Just as Secretary of State Hillary Rodham Clinton flew in to Beijing from Shanghai to engage in the Sino-U.S. Strategic and Economic Dialogue with Chinese Vice-Premier Wang Qishan, U.S. President Barack Obama delivered an important speech at the famous West Point Military Academy, revealing more of Washington’s new thinking toward foreign diplomacy: the U.S. will maintain its world leader status, but it wants to achieve this through international cooperation and domestic technological innovation—not through unilateral military force.
Obama stated clearly in his speech that, “The burdens of this century cannot fall on our soldiers alone. It also cannot fall on American shoulders alone. Our adversaries would like to see America sap its strength by overextending our power. And in the past, we’ve always had the foresight to avoid acting alone.”
The White House will be announcing the National Security Strategy next week, and not only did Obama’s speech lay the foundation for its content, it also publicly refuted George W. Bush administration’s cowboy diplomacy. Since coming into office, Obama has been trying to make changes; his determination in severing the unpopular foreign diplomatic strategies of the former administration was fully evident in his speech.
In the same situation eight years ago, former President George W. Bush announced the Bush Doctrine at the West Point Military Academy graduation ceremony, promoting a unilateral militaristic policy on being the first to strike on military matters. The year following the declaration of the Bush Doctrine, the U.S. started the second Gulf War without having sufficient evidence and the authorization of the United Nations, overthrowing Saddam Hussein’s hegemony in Iraq.
Not only has the U.S. military gotten itself into a quagmire up until now, putting itself in a passive and isolated position internationally, it has also further stoked anti-American sentiments in the Muslim world. Obama had also declared during the speech that the U.S. will be withdrawing its troops from Iraq beginning this summer.
Though America is still the world’s only military overlord, the failure to resolve the Iraq War has caused it great damage. In a book titled “The Three Trillion Dollar War,” published by two professors from Columbia University and Harvard University in 2008, they point out that military expenses expedited in the five years of the Iraq War had exceeded the $670 billion used in the 12 years of the Vietnam War. The U.S. military budget in 2010 was as high as $535 billion, far exceeding the total military expenses of other nations in the world. This did not include USD $136 billion used for the Iraq and Afghanistan wars. The U.S. Secretary of Defense Robert Gates admitted candidly this month that the U.S. is not capable of bearing another Afghanistan or Iraq war.

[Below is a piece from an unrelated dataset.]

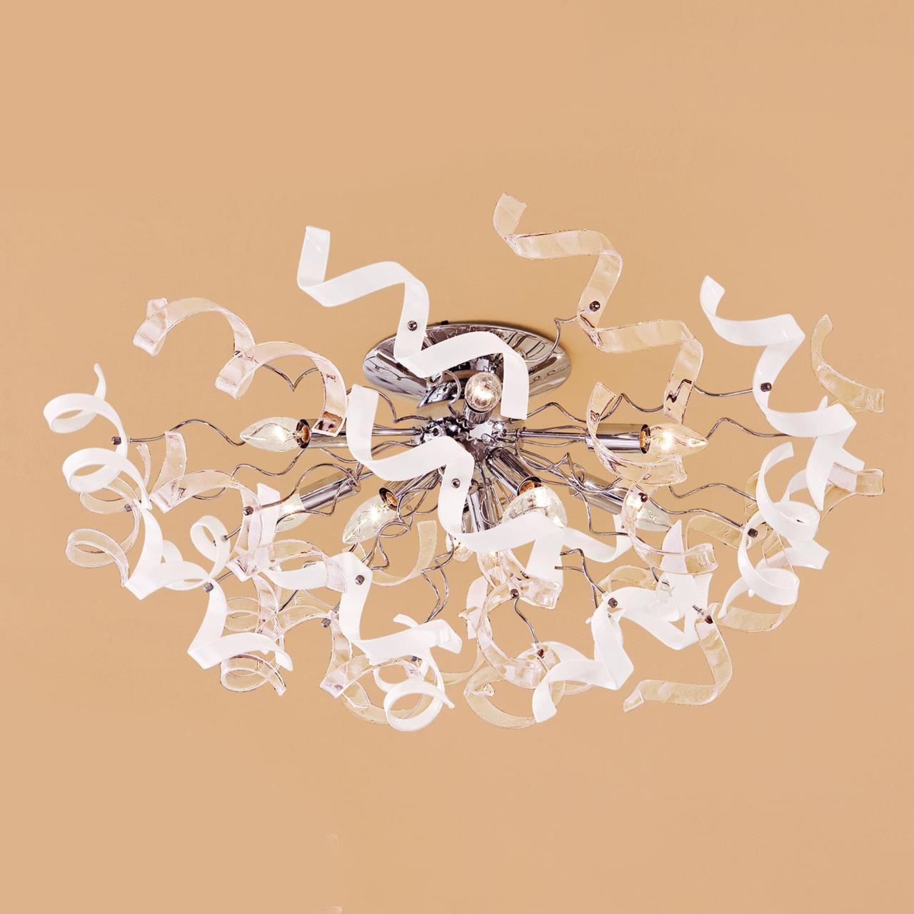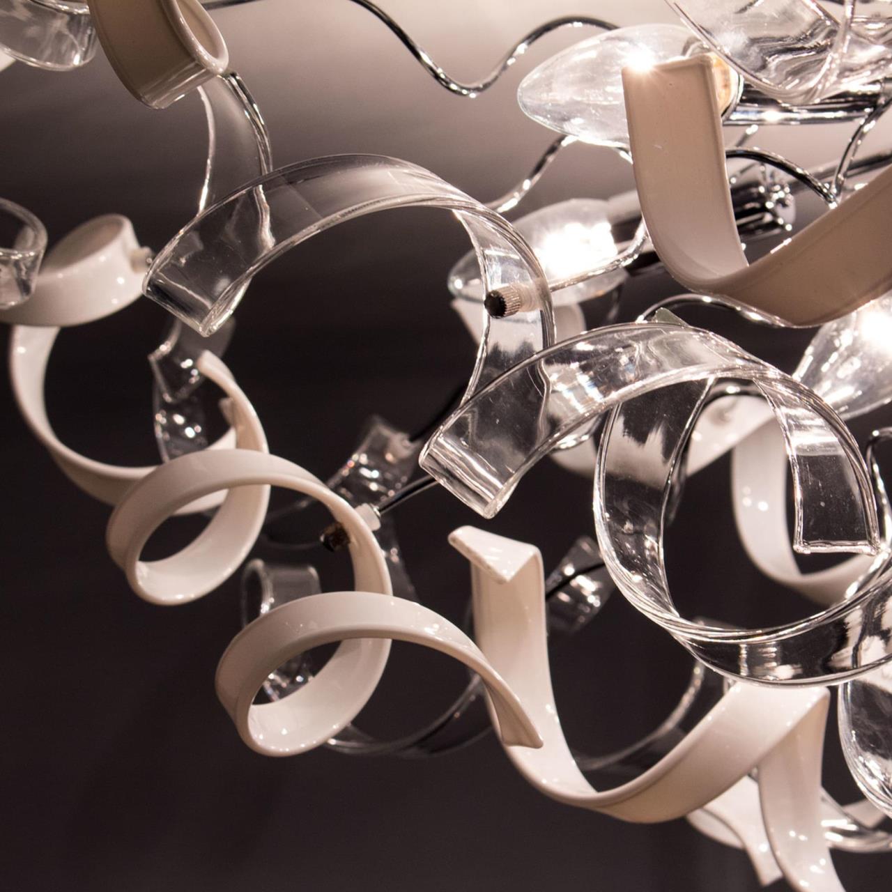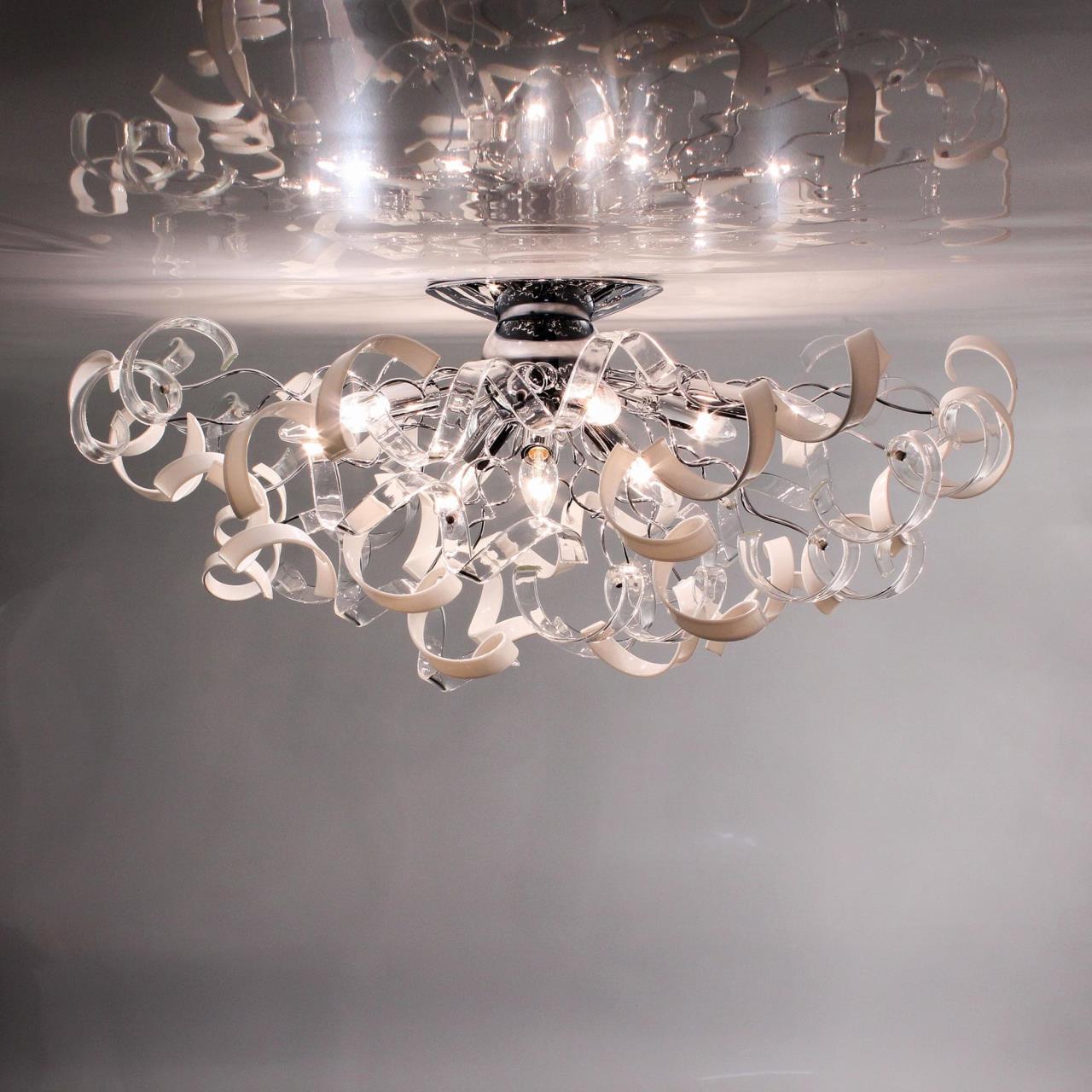 Дизайнерская коллекция потолочных люстр Рандом от компании Citilux покорила множество наших покупателей своей неординарностью. Говорящее название линейки, как ничто иное, характеризует своеобразность моделей, и неограниченные дизайнерские возможности. Множество поворотных стеклянных элементов, в виде игривых завитушек позволит вам придать светильнику свой неповторимый дизайн, а глянцевое, хромированное основание станет своеобразным отражателем светового потока на вашем потолке. Великолепная модель на девять рожков, разработанная нами специально для больших помещений, и украшенная комбинацией из прозрачных деталей и стеклянных элементов белого, глянцевого цвета, сможет волшебным образом преобразить ваше пространство. Такой светильник станет не только изящным дополнением в интерьере, но и полноценно осветит помещения площадью до 26-ти квадратных метров.

Cowboy diplomacy squandered the international community’s sentiment of having a common enemy since the U.S. suffered the 9/11 terrorist attack, weakening America’s international influence and the foundation of its moral propriety. It has also caused its foreign diplomacy to lose focus, scattering its attention to the War on Terror over the years, allowing emerging economies that could challenge America’s international leadership power, such as China, India and Brazil, etc., to quietly emerge during this period. This has finally made America accept a new reality, allowing new superpowers like China to have a say in international events.
Giving up unilateralism means that the U.S. must rely on the cooperation of its international partners, as well as respect international laws and orders.
It is just what Obama said in his speech, “America has not succeeded by stepping out of the currents of cooperation … ” Under the simultaneous effects of multiple factors like the global financial crisis that caused the American economy to decline, the emergence of new influential nations, and America’s continual depletion of its resources in overseas military operations, not only is multilateral cooperation in line with America’s national interests, it also has its unavoidable cold realities.
On the Iran nuclear issue, the U.S. is carrying out Obama’s new spirit of foreign diplomacy, actively garnering the cooperation of world partners — China included — using the United Nations as a platform. Gates has also hinted in the speech mentioned earlier that if there were the option of foreign diplomacy, he would not support the use of force to resolve the Iranian nuclear issue.
The height of the level, enormity of scale, and the breadth of the agenda’s contents of the Sino-U.S. Strategic and Economic Dialogue all demonstrate how seriously the U.S. took the session. When we examine this against the backdrop of the new thinking behind Obama’s foreign diplomacy, we can see that — be it the objective reality of growth and decline in international powers or Washington’s subjective taking advantage of opportunities — it all makes clear America’s efforts to create a new atmosphere of international cooperation.
As a world superpower, such an effort should be welcomed by the international community. Whether it is on the issue of nuclear non-proliferation, addressing climate change, sustaining global economic growth, resolving world poverty, or countering the threats of extremism, many of these issues still require the cooperation of the international community in order to address them. All of these require U.S. involvement and leadership. The end of cowboy diplomacy promotes the birth of a more harmonious international environment.